The below excepts are about an extra issue (beyond CVE-2024-6409) - the audit patch's logging of SSH host key fingerprints apparently being broken at least on RHEL 9. This issue is only indirectly related to CVE-2024-6409 because it explains why more async-signal-unsafe calls are made than would have been otherwise. On Thu, Jul 04, 2024 at 01:40:34AM +0000, Qualys Security Advisory wrote:
we found more information on the following: On Wed, Jun 26, 2024 at 11:06:43AM +0000, Qualys Security Advisory wrote:- The call to destroy_sensitive_data() may or may not be a problem, because the "sensitive data" (private keys) were already destroyed in the unpriv child at that point.It is a problem: destroy_sensitive_data() calls malloc functions many times (especially free()) because even if only the public keys remain in sensitive_data.host_keys, they are still passed to sshkey_free(). In fact, destroy_sensitive_data() even ends up calling syslog() itself: PRIVSEP(audit_destroy_sensitive_data()) calls mm_request_send(), which can fail if the priv/parent process already _exit()ed, so fatal_f() is called, which calls mm_log_handler(), which also fails because the priv/ parent process _exit()ed, so fatal_f() is called again, but this time it calls syslog(). If you are wondering why destroy_sensitive_data() calls PRIVSEP(audit_destroy_sensitive_data()) in the first place, we were wondering too, because this should happen only if one of the keys is private, and no private key should remain in the unpriv/child process! This is actually a bug in sshkey_is_private(): for ed25519 keys, this function checks ed25519_pk, which is the public key! It should check ed25519_sk instead, which is the secret/private key.

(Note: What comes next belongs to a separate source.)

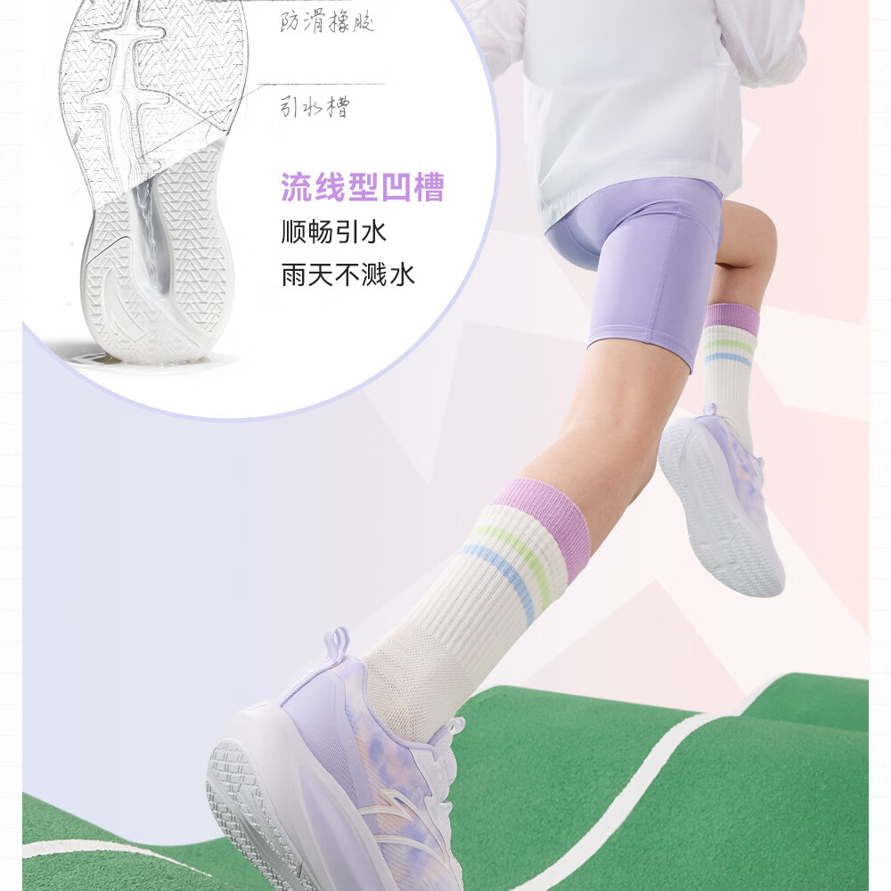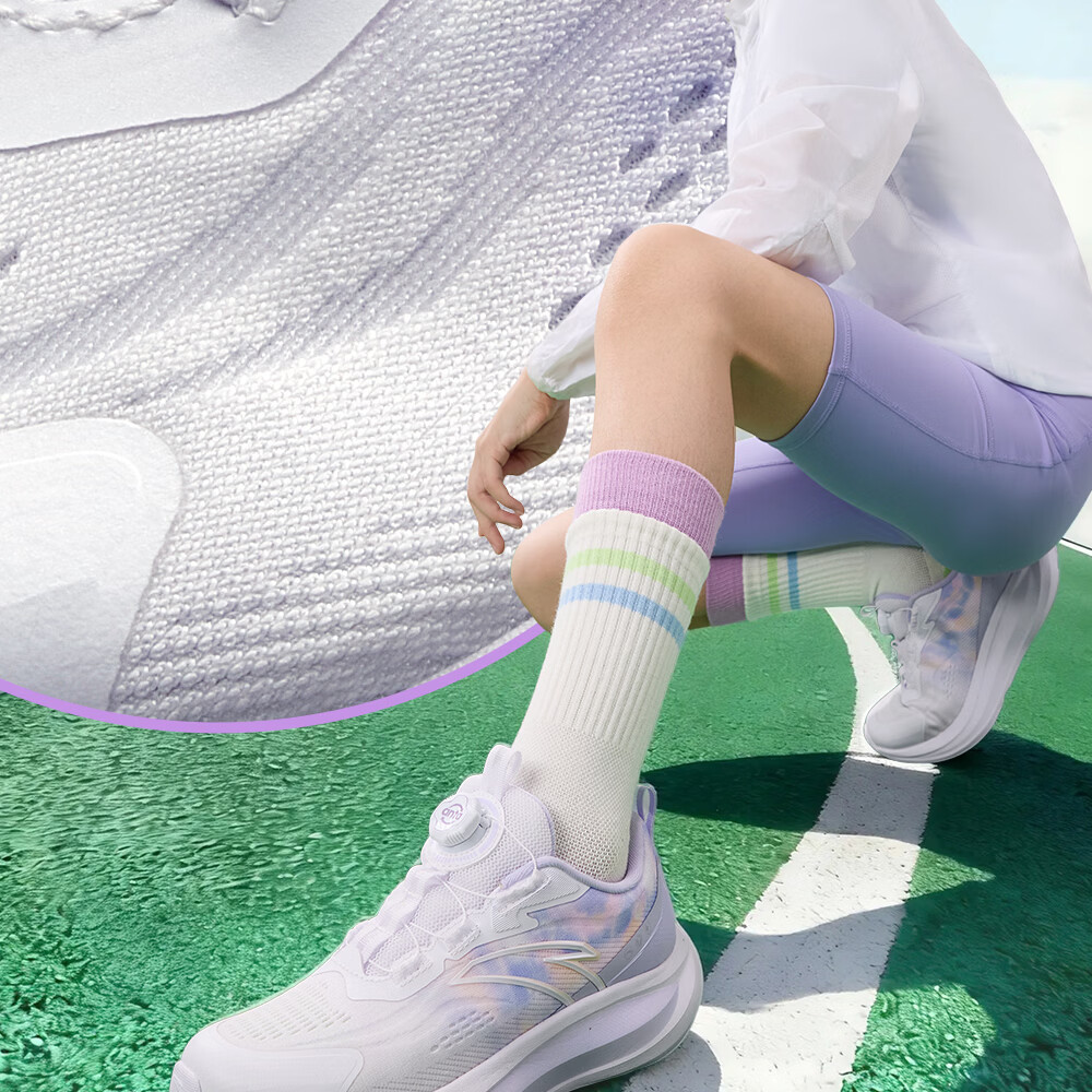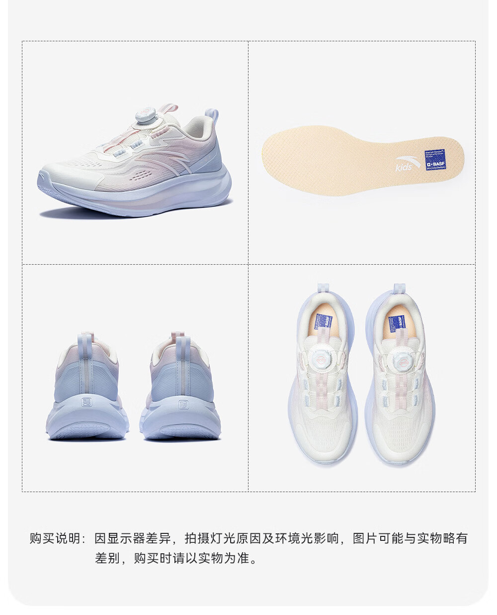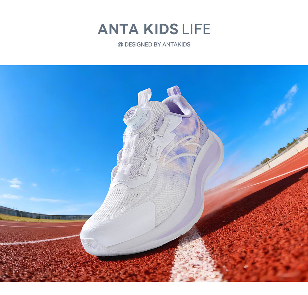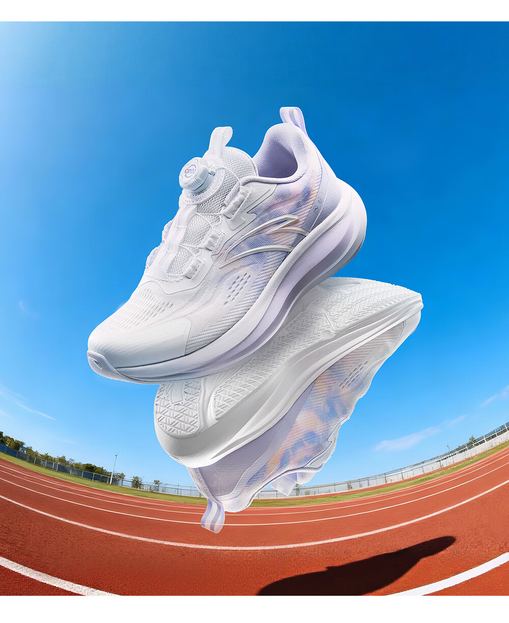 ANTA (ANTA) children's sports shoes for girls and boys, new Lingyun running shoes, 26 spring new cushioning, elastic and trendy student shoes, Anta white/Lengling purple-2 37, shoe inner length 23.5cm

On Sun, Jul 07, 2024 at 11:21:37PM +0200, Solar Designer wrote:
Thank you for reporting this to distros. I don't see this function in any upstream version at all - do you? I see it being added via openssh-7.6p1-audit.patch in Red Hat's package. I don't know if an equivalent patch is maybe also added in some other distros? As to security consequences, at first my concern was this could leave secret host keys around in privsep child. However, upon a closer look the only thing audit_destroy_sensitive_data() does is log a message, so the only impact is erroneous audit logging.
Actual processing of keys is untouched by this patch, so probably remains correct.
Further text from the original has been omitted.